## 6.5 Computer Tasks

##### Task 1

The `eurodist`

dataset in R gives the road distances between 21 European cities. Note that this is stored as a `dist`

type of object, as outputted by the `dist`

command, i.e. as a lower tri-diagonal matrix. `cmdscale`

will take this directly as input.

Perform multidimensional scaling on this data, and find a two-dimensional set of points which has interpoint distances approximately equal to the data.

Plot these coordinates and label them with the city names. Does your plot look like the map of Europe?

Is the distance matrix

`eurodist`

a Euclidean data matrix and how do you know? If it is not Euclidean, why do you think that might be?Create the Euclidean distance matrix from your set of 2-dimensional points. What is the Frobenius norm between this matrix and the original distance matrix? Use

`cmdscale`

to create a set of points in 3 dimensional space and recompute the distance matrix.

##### Task 2

Consider the synthetic data of 9 binary attributes on 11 cases.

```
df=structure(list(a = c(0, 0, 0, 0, 1, 0, 0, 1, 0, 0, 0), b = c(0,
0, 0, 0, 0, 0, 1, 0, 1, 0, 1), c = c(0, 0, 0, 0, 1, 0, 0, 1,
0, 1, 0), d = c(1, 0, 0, 0, 0, 0, 1, 0, 0, 1, 0), e = c(0, 0,
1, 0, 0, 0, 0, 0, 0, 0, 1), f = c(0, 0, 1, 0, 0, 0, 0, 0, 0,
0, 1), g = c(0, 1, 1, 1, 0, 0, 0, 0, 0, 0, 0), h = c(1, 0, 0,
0, 0, 0, 0, 1, 1, 0, 0), i = c(0, 0, 0, 0, 0, 1, 0, 0, 1, 1,
0)), class = "data.frame", row.names = c(NA, -11L), .Names = c("a",
"b", "c", "d", "e", "f", "g", "h", "i"))
df
```

```
## a b c d e f g h i
## 1 0 0 0 1 0 0 0 1 0
## 2 0 0 0 0 0 0 1 0 0
## 3 0 0 0 0 1 1 1 0 0
## 4 0 0 0 0 0 0 1 0 0
## 5 1 0 1 0 0 0 0 0 0
## 6 0 0 0 0 0 0 0 0 1
## 7 0 1 0 1 0 0 0 0 0
## 8 1 0 1 0 0 0 0 1 0
## 9 0 1 0 0 0 0 0 1 1
## 10 0 0 1 1 0 0 0 0 1
## 11 0 1 0 0 1 1 0 0 0
```

Compute the Jaccard index and SMC similarity matrices for these data.

Perform classical MDS for both similarity matrices, producing a plot of the coordinates (in 2d).
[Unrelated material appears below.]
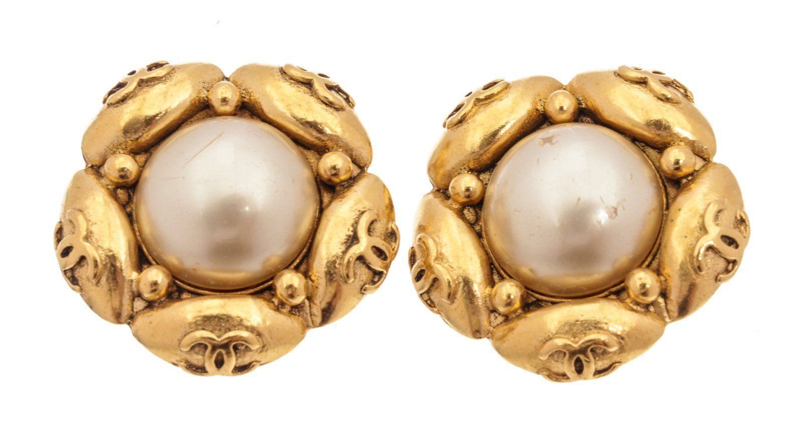 Chanel Gold Camelia Pearl Earrings with glod-tone hardware and turn-lock closure. Measurements: Length: 1.25 in / 3 cm Width: 1.25 in / 3 cm 0.25 in / 1 cmCONDITION: Pre-Owned Good overall, please see photographs for detail.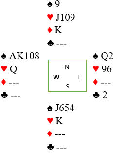 Spillefører behøver ikke mer enn fire sparstikk (kaster to hjerter). Hvis det sitter 3-2 eller knekten singel er alt greit.

Are the results similar?

##### Task 3

In this question we will look at data from 1888 on the fertility and socio-economic status of 47 French speaking provinces in Switzerland.

```
## Fertility Agriculture Examination Education Catholic
## Courtelary 80.2 17.0 15 12 9.96
## Delemont 83.1 45.1 6 9 84.84
## Franches-Mnt 92.5 39.7 5 5 93.40
## Moutier 85.8 36.5 12 7 33.77
## Neuveville 76.9 43.5 17 15 5.16
## Porrentruy 76.1 35.3 9 7 90.57
## Infant.Mortality
## Courtelary 22.2
## Delemont 22.2
## Franches-Mnt 20.2
## Moutier 20.3
## Neuveville 20.6
## Porrentruy 26.6
```

We will use MDS to find which provinces are similar to each other.

Compute the Euclidean distance matrix for these data.

Use MDS to create a 2-dimensional representation of the data and plot these points, labelling them with the province name.

Use MDS to create a 3-dimensional representation of the data. You can plot this using the

`plot3d`

command from the`rgl`

package. See, for example, here.

- MDS can be also used to reveal a hidden pattern in a correlation matrix. Find the correlation matrix, \(\mathbf R\), of the swiss data. Perform MDS using \(1-\mathbf R\) as the distance matrix and plot the results. Positively correlated covariates are close together on the same side of the plot.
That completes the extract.